The ideal clock output is as boring as possible: very steady, very precise, like a healthy heartbeat on an EKG. In early 2024, just when they thought they had achieved that, Gerginov and Hoth noticed that a new source of noise had popped up. For days at a time, their frequency measurements would be all over the place; then, just as mysteriously, the problem would disappear. It took several months of frustrating trial and error to pinpoint the problem, which ultimately required rebuilding the part of the clock used to measure the atoms after their second pass through the microwaves. 

“I would describe NIST-F4 as stubborn,” Gerginov says. Compared to other clocks he’s worked on, “it gave me a lot more headaches.”

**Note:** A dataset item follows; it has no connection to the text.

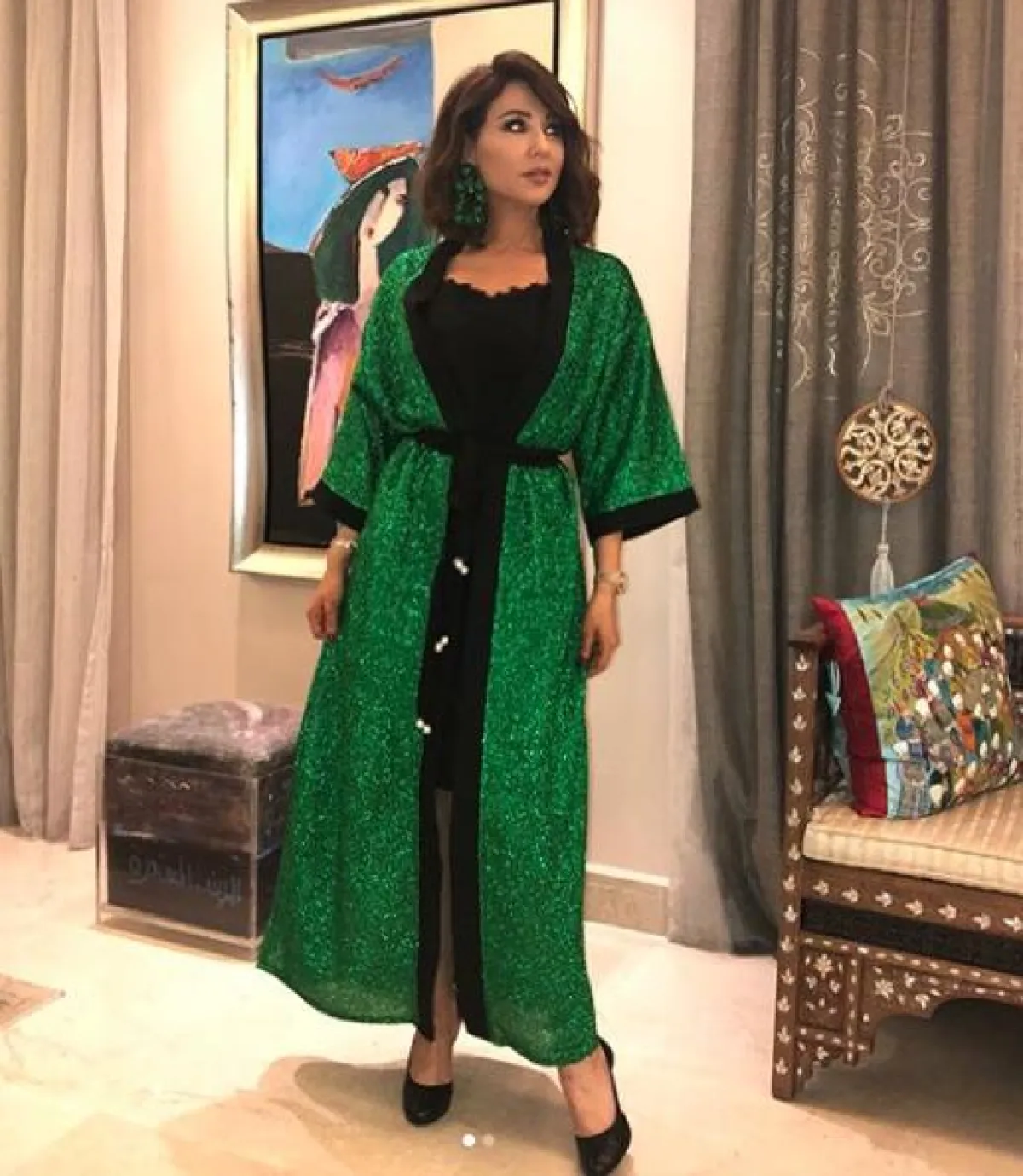 نسرين طافش فضلت الاحتفال في عيد الفطر في اطلالة مبتكرة في الزي الجزائري التقليدي، وقد اختارت مع اللوك حذاء كعب عالي باللون الذهبي.

“It takes a special person with a lot of grit to not give up,” Donley observes.

“It would be hard to imagine a better person than Vladi,” agrees Stefan Weyers, a physicist at PTB who worked with Gerginov there. “It was a very lucky situation for NIST that Vladi was available.”

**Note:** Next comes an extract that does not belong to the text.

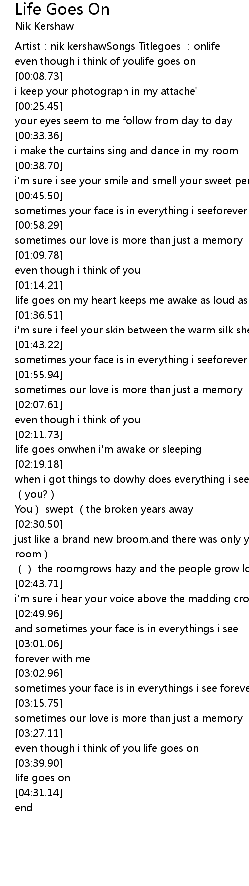 | [01:17.44] | life goes on my heart keeps me awake as loud as it beats |

Gerginov and Hoth eventually tackled the noise problem and ran the clock for several weekslong periods to amass data that they sent to BIPM, which assembles a team of experts that consider allowing new fountain clocks to become official primary frequency standards and contribute to international atomic time.

The international timekeeping body is understandably “very conservative” when it comes to certifying new fountain clocks, Gerginov says. “You don’t do these things lightly. You don’t accept an instrument that has some question marks — it could lead to problems.”

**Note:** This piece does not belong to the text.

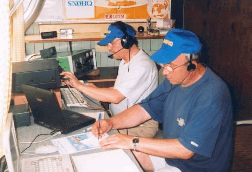 SP6DNS na pierwszym planie oraz SP6CZ w czasie zawodów. |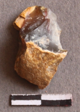 | Description / विवरण | It is a Jasper fragment. Cortex on either side of the fragment. Flake scars with ripples on the surface due to heavy percussion. |

Ultimately, as the NIST team reported in April in the journal Metrologia, NIST-F4’s frequency measurements were accurate to within 2.2 parts in 10 quadrillion (1 with 16 zeroes after it), making it one of best fountain clocks in the world. Another way to think about that: If a clock that accurate ran for 100 million years — since back when dinosaurs roamed — it would be off by less than one second today.

Such accuracy is obviously far beyond what any of us need to be on time for appointments or tell a microwave oven how long to heat up lunch. But our modern lives now depend on intricate global systems — the internet, the stock market, cellphone networks, GPS — that do require that kind of accuracy. If the timing of a GPS satellite were off by just one millionth of a second, for example, that could lead to a positioning error as large as several city blocks.

The world’s fountain clocks provide the ultimate foundation for the entire edifice of global timekeeping, and by extension, much of the world’s economy. And thanks to Gerginov and his colleagues, NIST can once again provide a cornerstone in that foundation.